#### Data excerpt ####

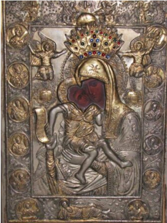
Η εικόνα της Παναγίας «Άξιόν εστιν» η οποία βρίσκεται στον Ναό του Πρωτάτου στις Καρυές Αγίου Όρους.

Επειδή δε επήραν το Λείψανον οι παντοκρατορινοί Πατέρες, ο μαθητής του Αγίου ομού με τον Πρώτον του Αγίου Όρους και με τον Άγιον Ιερισσού επήγαν και το έφεραν εις το άνωθεν κελλίον μετά παρρησίας, αφήσαντες την μίαν του χείρα εις το Μοναστήριον, κατέθεσαν δε το Λείψανον εις τα θεμέλια της Εκκλησίας και από τότε ήρχισε να αναβλύζη μύρον και ευωδία και έως της σήμερα· ενίοτε γίνεται επαισθητή εις τους εμβαίνοντας εις τον εκείσε Ναόν.
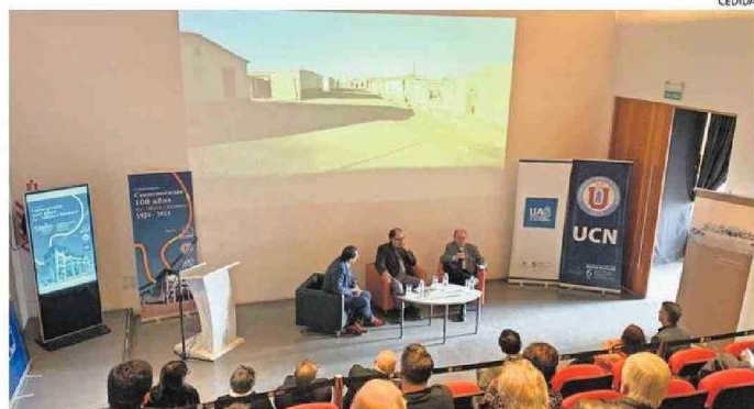
POR LA IMPORTANCIA QUE TIENE PARA LA REGIÓN Y EL PAÍS MANTENER EL LEGADO DE CHACABUCO.

En conversatorio organizado por la Corporación Museo del Salitre Chacabuco, la UCN y la UA, especialistas abordaron estado actual y proyección del monumento nacional.

####

Return the complete material exactly as it appears, without images.

Η εικόνα της Παναγίας «Άξιόν εστιν» η οποία βρίσκεται στον Ναό του Πρωτάτου στις Καρυές Αγίου Όρους.

Επειδή δε επήραν το Λείψανον οι παντοκρατορινοί Πατέρες, ο μαθητής του Αγίου ομού με τον Πρώτον του Αγίου Όρους και με τον Άγιον Ιερισσού επήγαν και το έφεραν εις το άνωθεν κελλίον μετά παρρησίας, αφήσαντες την μίαν του χείρα εις το Μοναστήριον, κατέθεσαν δε το Λείψανον εις τα θεμέλια της Εκκλησίας και από τότε ήρχισε να αναβλύζη μύρον και ευωδία και έως της σήμερα· ενίοτε γίνεται επαισθητή εις τους εμβαίνοντας εις τον εκείσε Ναόν.
POR LA IMPORTANCIA QUE TIENE PARA LA REGIÓN Y EL PAÍS MANTENER EL LEGADO DE CHACABUCO.

En conversatorio organizado por la Corporación Museo del Salitre Chacabuco, la UCN y la UA, especialistas abordaron estado actual y proyección del monumento nacional.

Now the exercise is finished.